If your program allows, compare the results with a single processor to those from a two-processor run. Gradually increase the number of processors to see how performance scales. After you have learned the characteristics of your code, please do not run with more processors than can be efficiently used.

MPI jobs are run by submitting a script containing the mpiexec command to the TORQUE batch job handling system with the qsub command.

Here is an example of a script to run an MPI program, pn, using 6 processors (3 nodes with 2 processors per node). If the script file is named pn.pbs, submit the job with qsub pn.pbs.

#!/bin/bash

#PBS -l procs=6

# Script for running MPI sample program pn on SnowPatch

cd $PBS_O_WORKDIR

echo "Current working directory is `pwd`"

echo "Running on hosts:"
cat $PBS_NODEFILE

echo "Starting run at: `date`"

mpiexec -n $PBS_NCPUS ./pn

echo "Job finished at: `date`"

The form "./pn" is used to ensure that the program can be run even if "." (the current directory) is not in your PATH.

Source code for the pn program itself is pn.f.

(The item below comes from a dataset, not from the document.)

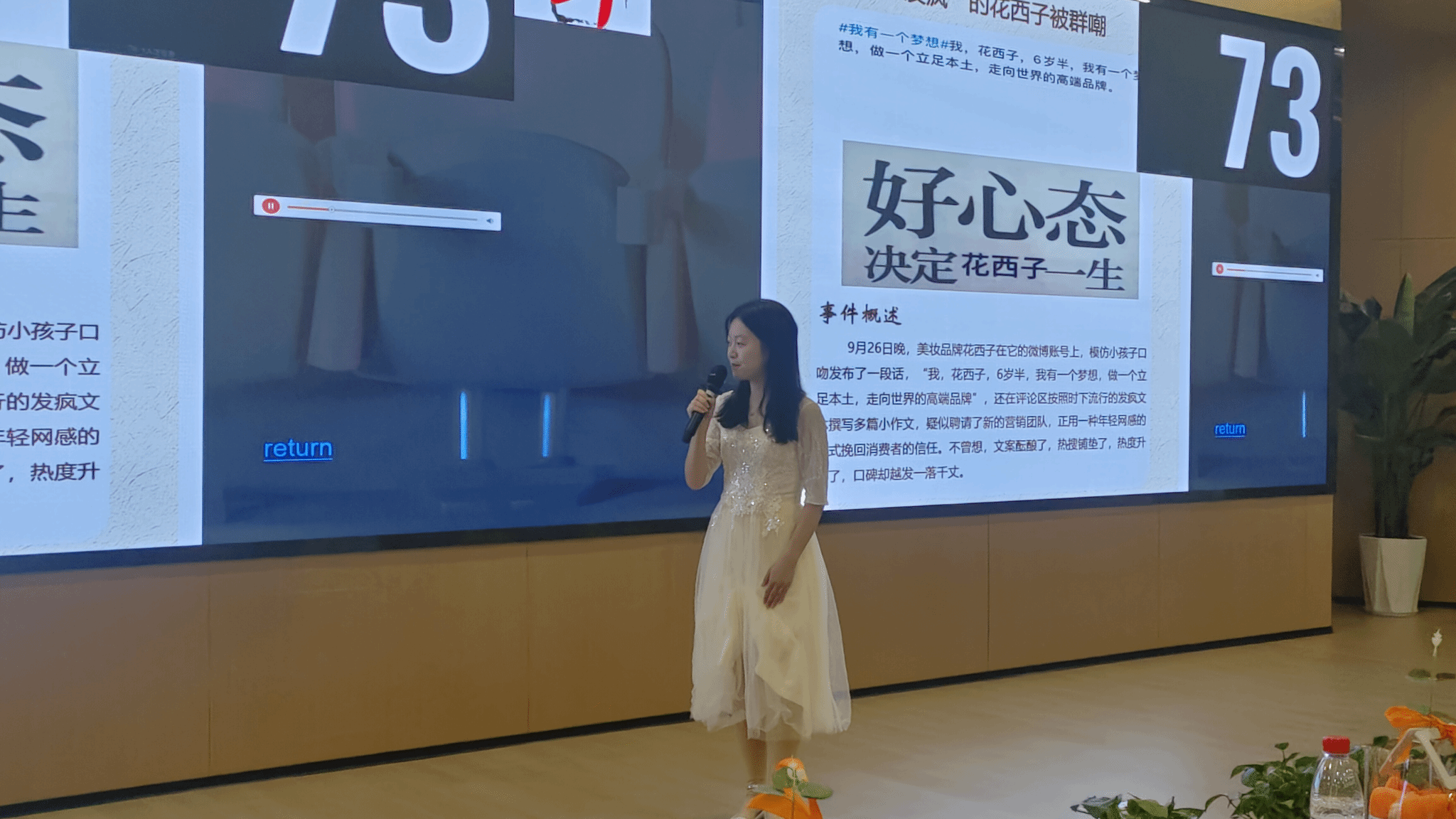 经过评委紧张的打分后,第一轮选拔赛成功选出了表现出色的前6位选手,他们将晋级到接下来的挑战——90秒主题主持。这一新颖而富有挑战性的环节要求每位选手在现场抽取主持主题,并即兴展开简洁而生动的主持表演。这个环节的设计突显了选手的主持能力、应变能力以及即兴表达的才华。每位选手将在抽取主题后,迅速思考并展示自己在短时间内处理主持任务的能力。这种紧迫感考验了选手们的灵活性和创造力,为观众呈现出更为真实和生动的主持风采。这一挑战性的90秒主题主持环节,深深挖掘了选手们的潜力,展示了他们在不同主题下的主持技巧。观众和评委在这一短暂但紧凑的表演中,看到了各位选手们的出色表现,为比赛注入了更多的激情和活力。

Note that the variable PBS_NCPUS is set by the batch system to the number of processors requested with the procs resource parameter on the qsub command line or in directive lines in the script.

Job Submission Rules

The following rules apply to jobs submitted to the Snowpatch facility

  • the default walltime is 72 hours for serial jobs and 24 hours for parallel jobs;
  • the maximum walltime is 6 days;
  • a user may have running and submitted jobs that request a maximum number of processor-hours (the product of requested processors times walltime) of all jobs together of 256 days; all additional jobs that exceed this limit will be queued under blocked jobs.

Updated 2009-04-09.